What you need to do
These records contain pictures, which must be left out; copy exactly the lines from the one with "高一生物答案--浙江省诸暨中学暨阳分校2025-2026学年高一上学期期中考试" up to and including the one with "L’entreprise toulousaine EasyMile, fournisseur".

Input
====

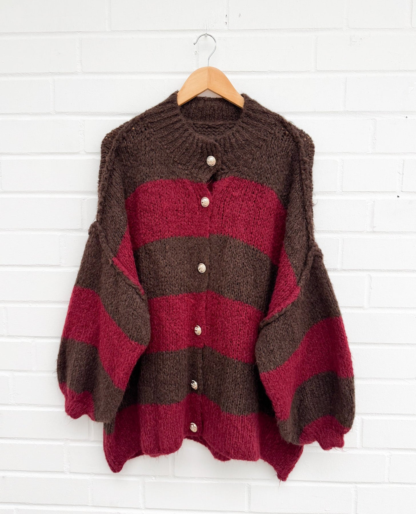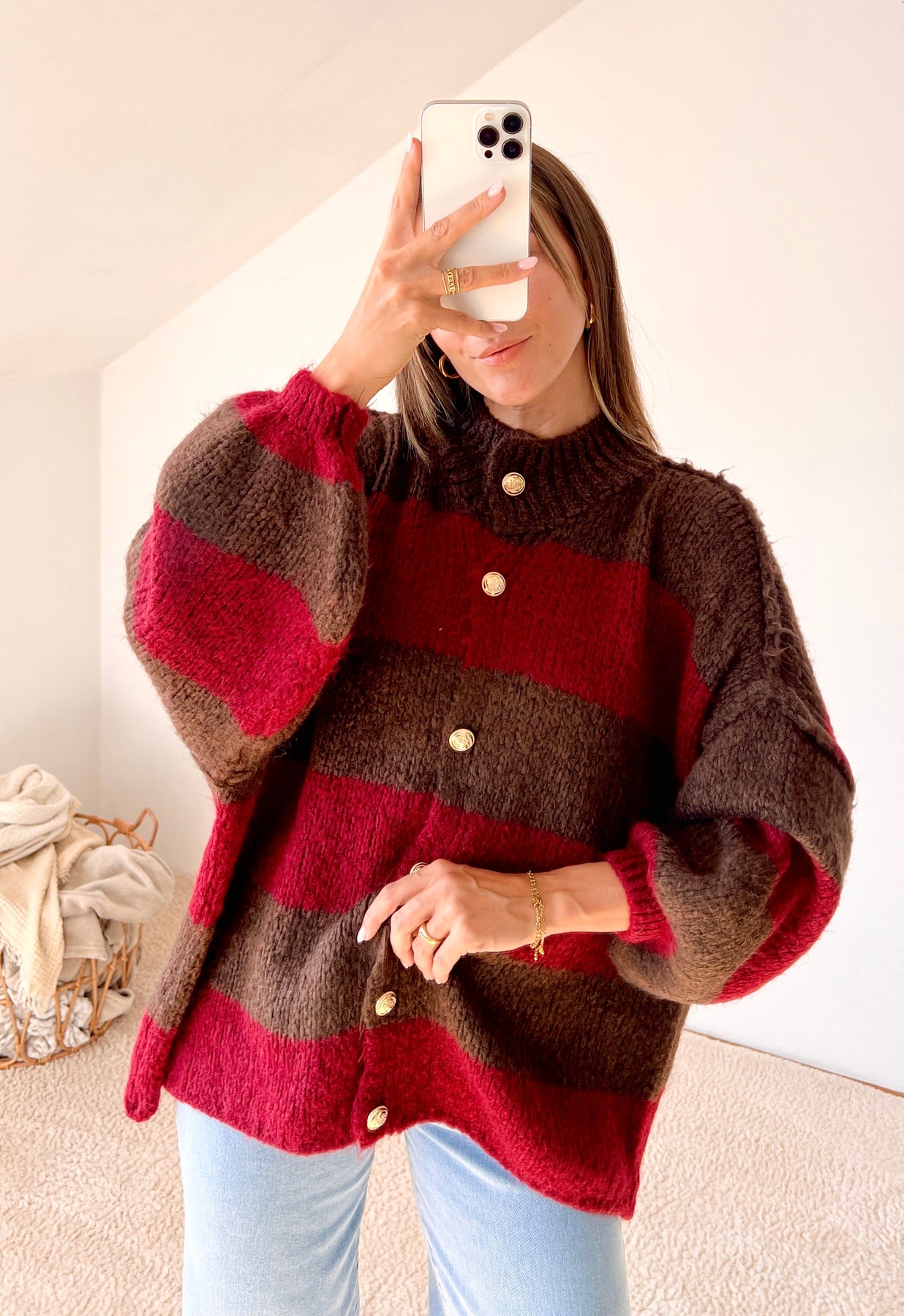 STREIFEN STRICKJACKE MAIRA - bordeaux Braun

====

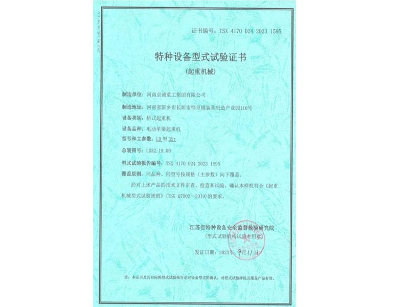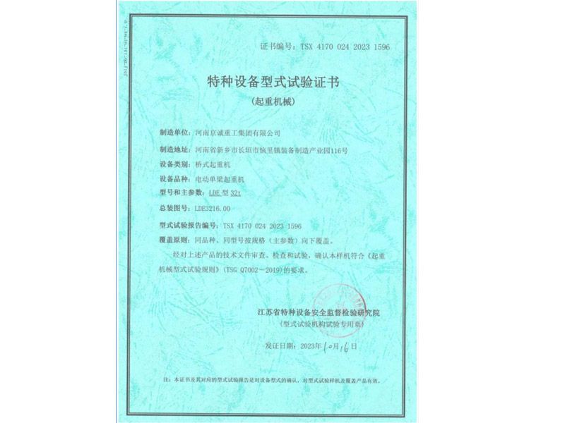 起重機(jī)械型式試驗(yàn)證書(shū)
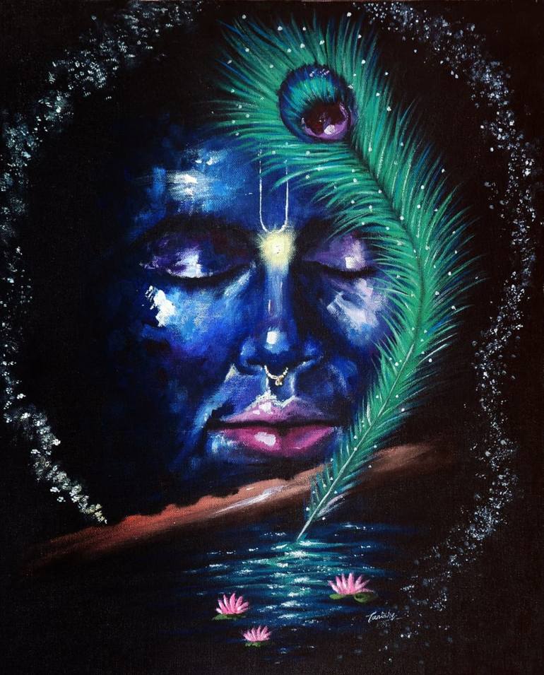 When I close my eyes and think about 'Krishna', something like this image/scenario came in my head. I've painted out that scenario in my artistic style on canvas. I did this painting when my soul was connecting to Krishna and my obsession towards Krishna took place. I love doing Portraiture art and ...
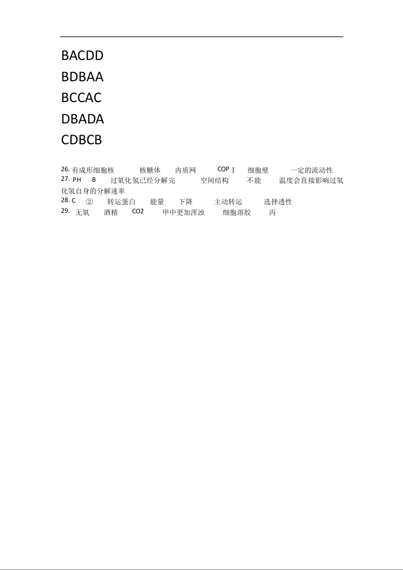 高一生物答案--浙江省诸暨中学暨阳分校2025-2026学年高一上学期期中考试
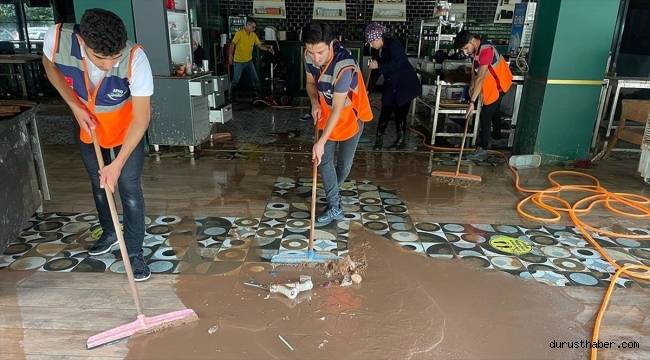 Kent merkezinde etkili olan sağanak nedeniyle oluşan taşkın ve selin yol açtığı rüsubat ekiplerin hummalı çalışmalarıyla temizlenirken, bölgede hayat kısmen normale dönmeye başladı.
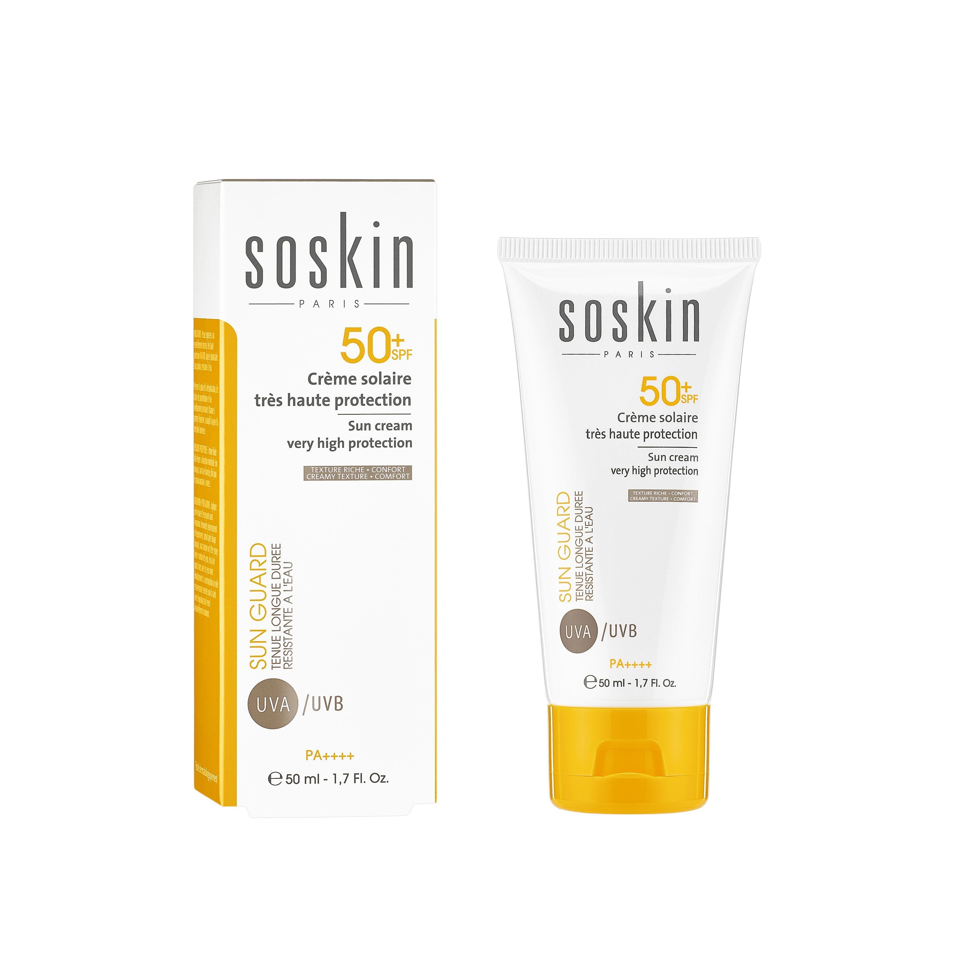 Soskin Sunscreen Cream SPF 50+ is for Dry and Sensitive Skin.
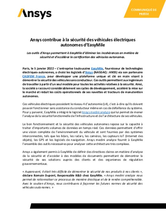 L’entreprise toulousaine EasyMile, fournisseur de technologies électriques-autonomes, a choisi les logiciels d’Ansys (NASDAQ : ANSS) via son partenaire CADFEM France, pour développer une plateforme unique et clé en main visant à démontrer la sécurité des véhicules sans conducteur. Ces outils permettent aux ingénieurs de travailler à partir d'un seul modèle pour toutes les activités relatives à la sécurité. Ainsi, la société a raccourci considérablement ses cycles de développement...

====

Written answer
 高一生物答案--浙江省诸暨中学暨阳分校2025-2026学年高一上学期期中考试
 Kent merkezinde etkili olan sağanak nedeniyle oluşan taşkın ve selin yol açtığı rüsubat ekiplerin hummalı çalışmalarıyla temizlenirken, bölgede hayat kısmen normale dönmeye başladı.
 Soskin Sunscreen Cream SPF 50+ is for Dry and Sensitive Skin.
 L’entreprise toulousaine EasyMile, fournisseur de technologies électriques-autonomes, a choisi les logiciels d’Ansys (NASDAQ : ANSS) via son partenaire CADFEM France, pour développer une plateforme unique et clé en main visant à démontrer la sécurité des véhicules sans conducteur. Ces outils permettent aux ingénieurs de travailler à partir d'un seul modèle pour toutes les activités relatives à la sécurité. Ainsi, la société a raccourci considérablement ses cycles de développement...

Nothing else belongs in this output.